INPUT:
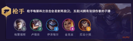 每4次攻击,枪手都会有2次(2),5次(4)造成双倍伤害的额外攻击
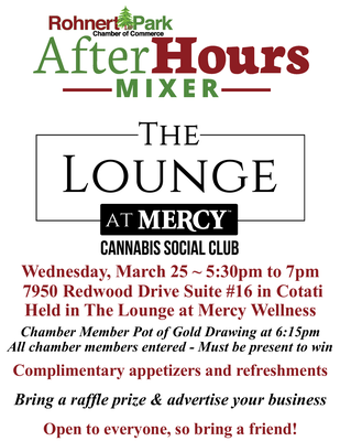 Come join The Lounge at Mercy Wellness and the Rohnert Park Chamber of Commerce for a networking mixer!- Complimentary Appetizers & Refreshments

==

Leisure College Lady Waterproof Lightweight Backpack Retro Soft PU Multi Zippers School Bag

ABOUT THIS EXERCISE: The lines above starting at the one that holds "每4次攻击,枪手都会有2次(2),5次(4)造成双倍伤害的额外攻击" and ending at the one that holds "Come join The" are to be written out exactly, ends included, and no pictures are to be copied.

ANSWER TO THIS TASK:
 每4次攻击,枪手都会有2次(2),5次(4)造成双倍伤害的额外攻击
 Come join The Lounge at Mercy Wellness and the Rohnert Park Chamber of Commerce for a networking mixer!- Complimentary Appetizers & Refreshments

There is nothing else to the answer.